South Korea seeks WTO consultations over U.S. use of ‘facts available’

South Korea claimed the United States is in violation of four World Trade Organization related agreements through its use of “facts available.”

   South Korea on Feb. 14 requested World Trade Organization (WTO) consultations with the United States over the use of a statute that authorizes the Commerce Department to make adverse inferences against uncooperative foreign respondents in antidumping (AD) and countervailing (CV) duty cases, the WTO announced Tuesday.
   In the request, which was also circulated to WTO members on Tuesday, South Korea challenged this application of adverse inferences – otherwise known as “facts available” – against South Korean producers and exporters deemed to be not cooperative during Commerce AD and CV duty investigations.
   The U.S. relied on adverse facts available in six AD and CV duty determinations on certain products from South Korea, the consultation request alleges.
   South Korea claimed the U.S. is in violation of four WTO-related agreements through its use of “facts available.”

   The complaint includes the following instances as the basis for South Korea’s complaint:
     • A July 2016 AD duty order on certain corrosion-resistant steel products that resulted in cash deposits ranging from 8.75 percent to 47.79 percent for South Korean entities;
     • A September 2016 AD duty order on certain cold-rolled steel flat products that resulted in cash deposits ranging from zero to 34.33 percent for South Korean entities;
     • A September 2016 CV duty order on certain cold-rolled steel flat products that resulted in cash deposits ranging from 3.89 percent to 59.72 percent for South Korean entities;
     • An October 2016 AD duty order on certain hot-rolled steel flat products that resulted in cash deposits ranging from zero to 9.49 percent for South Korean entities;
     • An October 2016 CV duty order on certain hot-rolled steel flat products that resulted in cash deposits ranging from 3.89 percent to 58.68 percent for South Korean entities;
     • And a March 2017-completed AD duty administrative review – of an August 2012 duty order on large power transformers from South Korea – that found dumping margins for entities ranging from 2.99 percent to 60.81 percent. The complaint also lists several other actions tied to this case.

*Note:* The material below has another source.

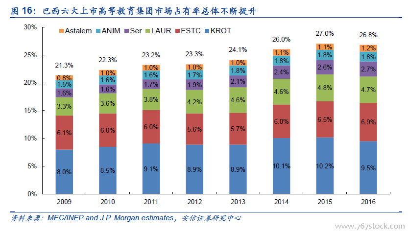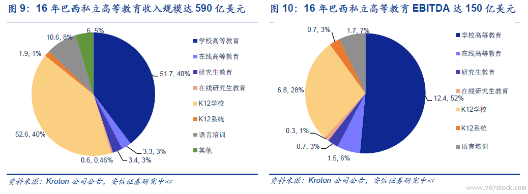 印、巴、中、美为全球前四大民办教育市场。以在校生计算的民办高等教育规模排名靠前的有印度、巴西、中国、美国、印尼、日本、韩国、英国等国家。2017 年印度、巴西、中国和美国高等教育在校生人数分别达1620 万、600万、590 万、和550 万左右。其中,巴西与美国民办高校发展历史较长、规模较大,我们以两国为例剖析民办高校行业发展脉络。

   “This request also concerns any modification, review, replacement or amendment to the definitive anti-dumping and countervailing duty measures listed above and any closely connected, subsequent measures to determine a dumping margin or subsidy amount, or related anti-dumping duty or countervailing duty rates,” the complaint reads.
   South Korea also challenged the statute authorizing the use of “facts available,” the Trade Preferences Extension Act of 2015, as well as Commerce regulations implementing that law.
   If consultations don’t resolve the matter within 60 days of the complaint’s filing, either the requester or respondent can request formation of a WTO dispute panel to adjudicate the matter, per WTO rules.